> **Exercise objective**: All of the data is to be written out again exactly, without the pictures.

(Records for the exercise Opens)

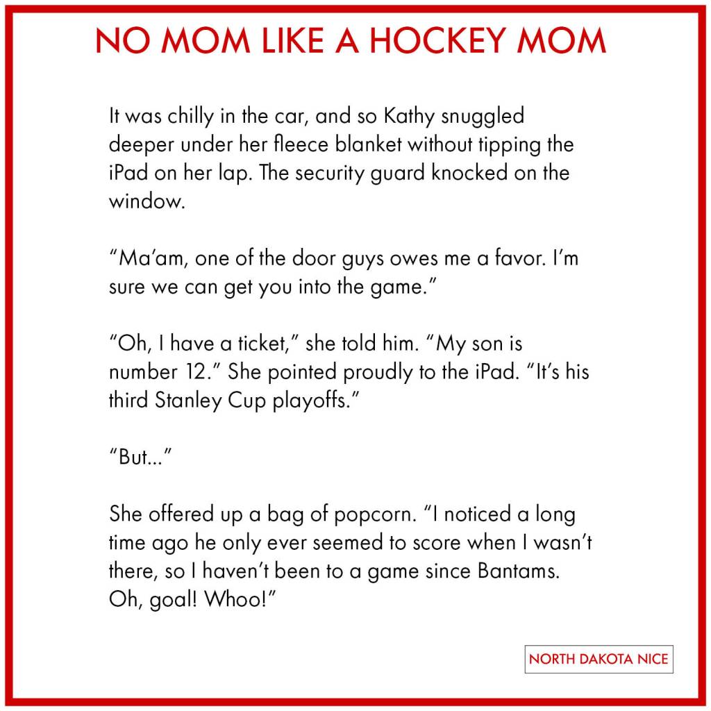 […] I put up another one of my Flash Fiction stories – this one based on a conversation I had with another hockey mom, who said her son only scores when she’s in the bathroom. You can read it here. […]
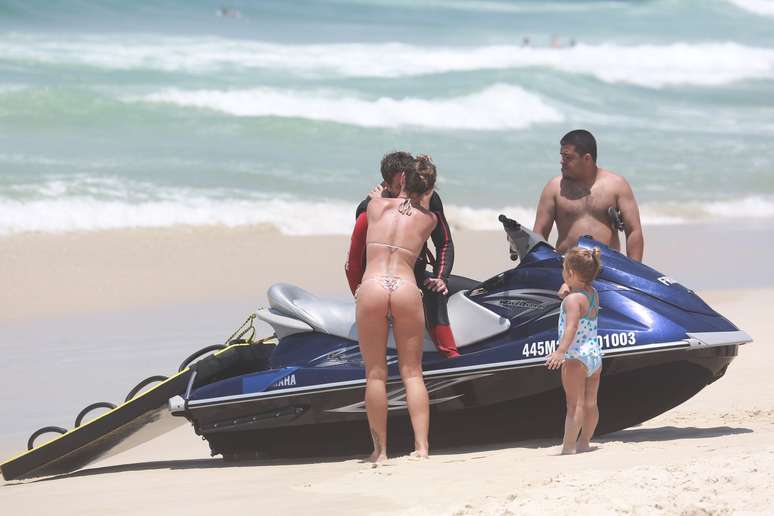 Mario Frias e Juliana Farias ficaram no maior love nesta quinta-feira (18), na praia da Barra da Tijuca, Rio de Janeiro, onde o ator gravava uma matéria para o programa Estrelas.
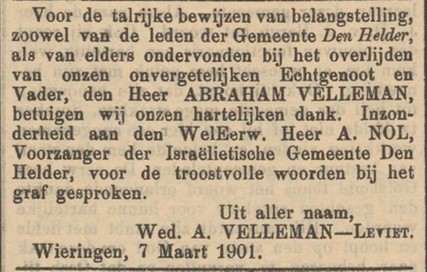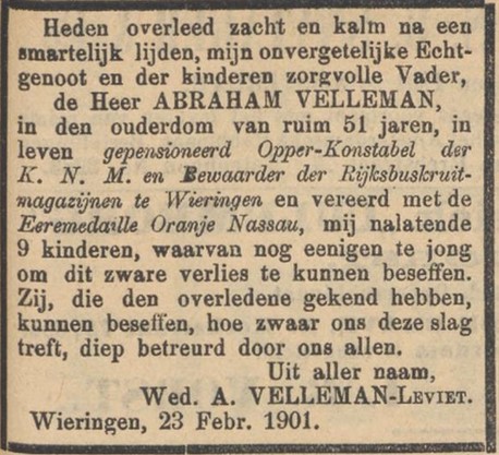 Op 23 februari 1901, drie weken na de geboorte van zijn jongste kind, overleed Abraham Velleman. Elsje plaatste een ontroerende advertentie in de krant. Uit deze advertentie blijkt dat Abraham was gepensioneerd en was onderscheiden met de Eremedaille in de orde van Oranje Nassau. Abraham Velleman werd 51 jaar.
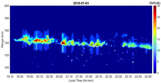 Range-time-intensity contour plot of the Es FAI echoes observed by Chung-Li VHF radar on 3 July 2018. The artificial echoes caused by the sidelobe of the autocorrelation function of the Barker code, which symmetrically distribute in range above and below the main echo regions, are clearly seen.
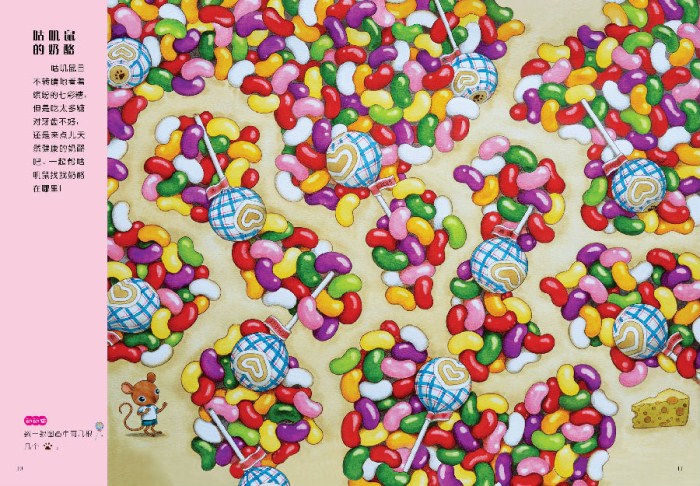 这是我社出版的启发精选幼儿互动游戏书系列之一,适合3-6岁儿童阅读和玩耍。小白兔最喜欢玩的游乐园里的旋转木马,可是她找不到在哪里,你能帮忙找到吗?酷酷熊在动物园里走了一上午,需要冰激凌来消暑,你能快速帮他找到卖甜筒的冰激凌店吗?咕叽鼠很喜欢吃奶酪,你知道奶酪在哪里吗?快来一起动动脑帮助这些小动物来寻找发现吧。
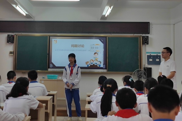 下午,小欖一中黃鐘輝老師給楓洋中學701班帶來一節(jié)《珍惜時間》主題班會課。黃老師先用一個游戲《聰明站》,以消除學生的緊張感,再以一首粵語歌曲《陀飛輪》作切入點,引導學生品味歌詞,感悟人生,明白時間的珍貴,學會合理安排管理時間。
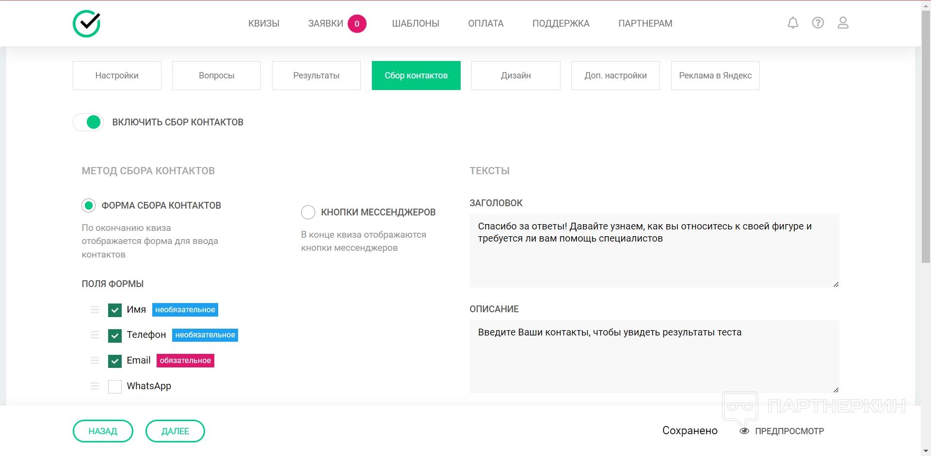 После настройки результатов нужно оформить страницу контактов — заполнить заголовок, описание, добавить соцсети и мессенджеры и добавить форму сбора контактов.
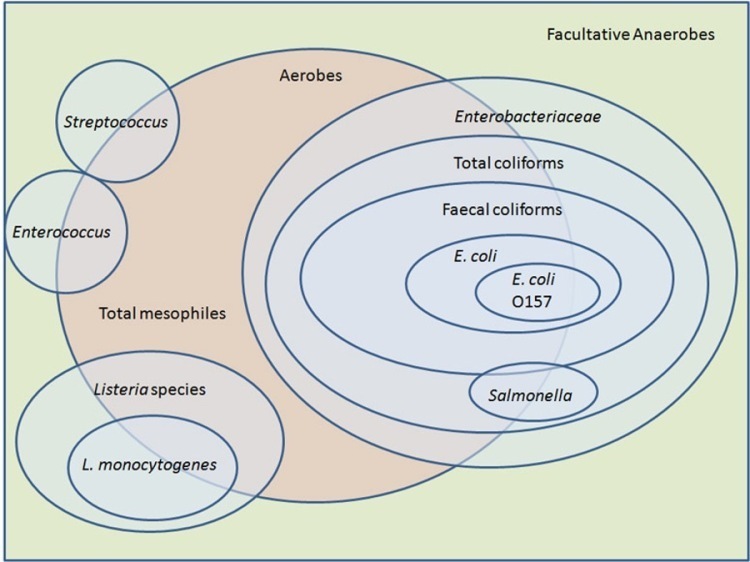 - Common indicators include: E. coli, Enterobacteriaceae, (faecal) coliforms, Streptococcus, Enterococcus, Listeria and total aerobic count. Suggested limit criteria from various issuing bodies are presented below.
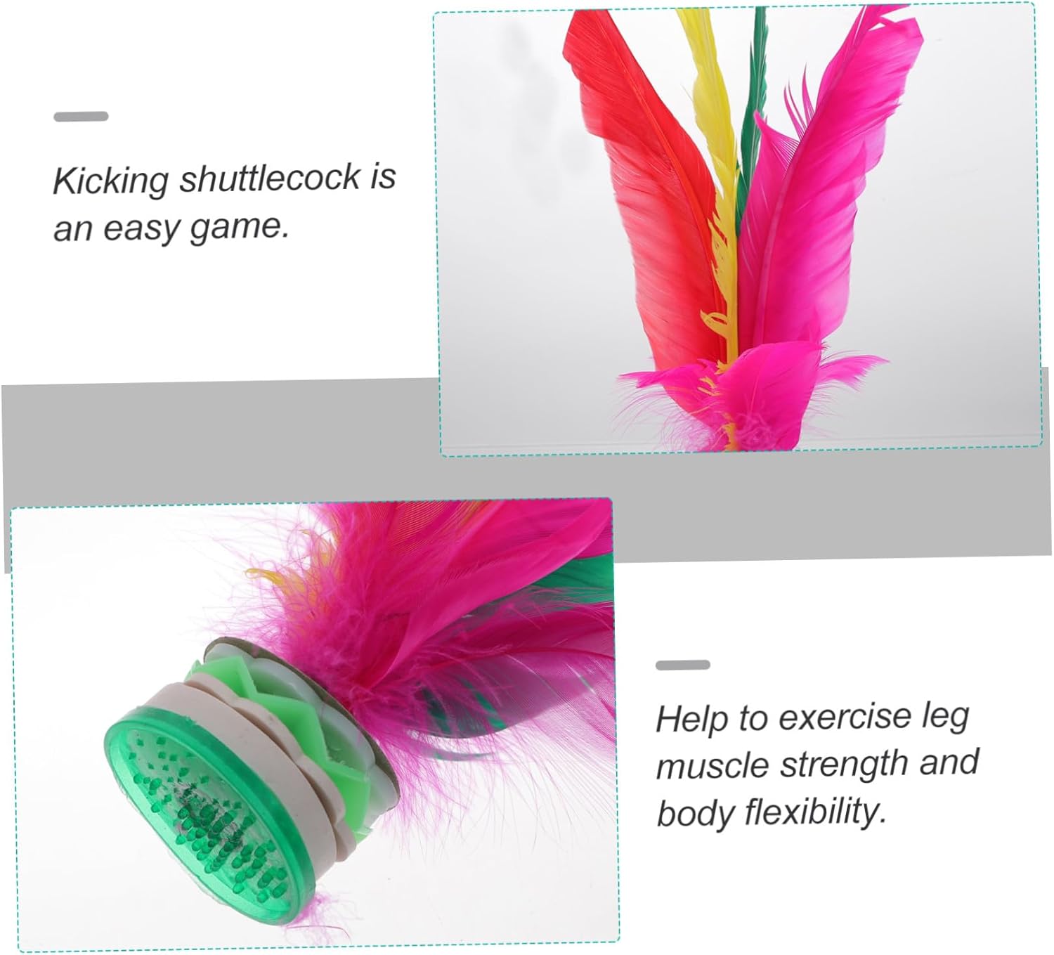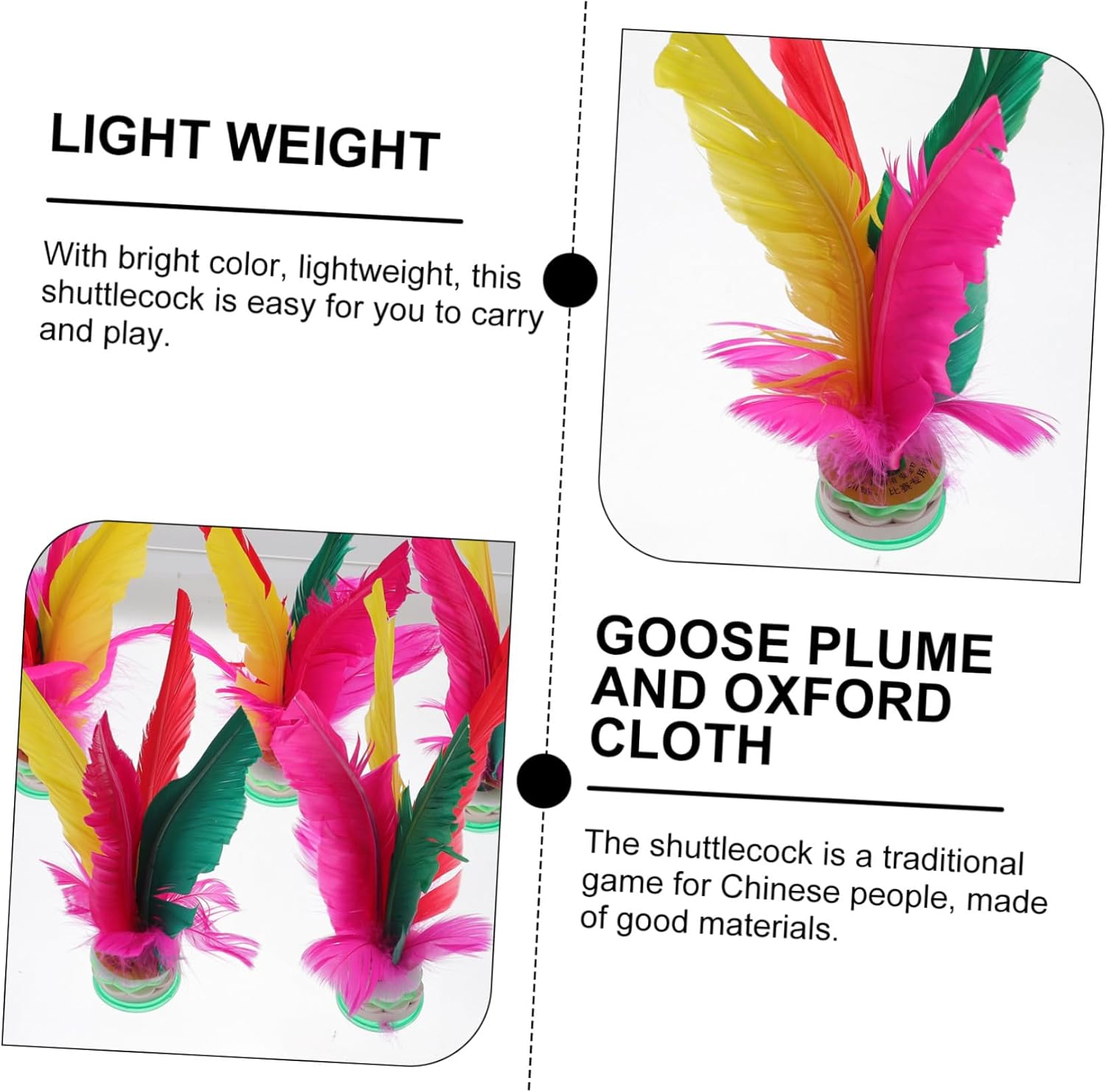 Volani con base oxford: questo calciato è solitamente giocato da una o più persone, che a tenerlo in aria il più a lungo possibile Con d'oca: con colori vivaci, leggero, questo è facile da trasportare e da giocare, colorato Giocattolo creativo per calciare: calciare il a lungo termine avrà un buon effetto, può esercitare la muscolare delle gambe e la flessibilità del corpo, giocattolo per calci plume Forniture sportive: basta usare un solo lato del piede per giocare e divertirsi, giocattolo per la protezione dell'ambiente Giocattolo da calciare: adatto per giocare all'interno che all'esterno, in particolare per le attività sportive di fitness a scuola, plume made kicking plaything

(Records for the exercise Closes)

> **Answer for the task**:
 […] I put up another one of my Flash Fiction stories – this one based on a conversation I had with another hockey mom, who said her son only scores when she’s in the bathroom. You can read it here. […]
 Mario Frias e Juliana Farias ficaram no maior love nesta quinta-feira (18), na praia da Barra da Tijuca, Rio de Janeiro, onde o ator gravava uma matéria para o programa Estrelas.
 Op 23 februari 1901, drie weken na de geboorte van zijn jongste kind, overleed Abraham Velleman. Elsje plaatste een ontroerende advertentie in de krant. Uit deze advertentie blijkt dat Abraham was gepensioneerd en was onderscheiden met de Eremedaille in de orde van Oranje Nassau. Abraham Velleman werd 51 jaar.
 Range-time-intensity contour plot of the Es FAI echoes observed by Chung-Li VHF radar on 3 July 2018. The artificial echoes caused by the sidelobe of the autocorrelation function of the Barker code, which symmetrically distribute in range above and below the main echo regions, are clearly seen.
 这是我社出版的启发精选幼儿互动游戏书系列之一,适合3-6岁儿童阅读和玩耍。小白兔最喜欢玩的游乐园里的旋转木马,可是她找不到在哪里,你能帮忙找到吗?酷酷熊在动物园里走了一上午,需要冰激凌来消暑,你能快速帮他找到卖甜筒的冰激凌店吗?咕叽鼠很喜欢吃奶酪,你知道奶酪在哪里吗?快来一起动动脑帮助这些小动物来寻找发现吧。
 下午,小欖一中黃鐘輝老師給楓洋中學701班帶來一節(jié)《珍惜時間》主題班會課。黃老師先用一個游戲《聰明站》,以消除學生的緊張感,再以一首粵語歌曲《陀飛輪》作切入點,引導學生品味歌詞,感悟人生,明白時間的珍貴,學會合理安排管理時間。
 После настройки результатов нужно оформить страницу контактов — заполнить заголовок, описание, добавить соцсети и мессенджеры и добавить форму сбора контактов.
 - Common indicators include: E. coli, Enterobacteriaceae, (faecal) coliforms, Streptococcus, Enterococcus, Listeria and total aerobic count. Suggested limit criteria from various issuing bodies are presented below.
 Volani con base oxford: questo calciato è solitamente giocato da una o più persone, che a tenerlo in aria il più a lungo possibile Con d'oca: con colori vivaci, leggero, questo è facile da trasportare e da giocare, colorato Giocattolo creativo per calciare: calciare il a lungo termine avrà un buon effetto, può esercitare la muscolare delle gambe e la flessibilità del corpo, giocattolo per calci plume Forniture sportive: basta usare un solo lato del piede per giocare e divertirsi, giocattolo per la protezione dell'ambiente Giocattolo da calciare: adatto per giocare all'interno che all'esterno, in particolare per le attività sportive di fitness a scuola, plume made kicking plaything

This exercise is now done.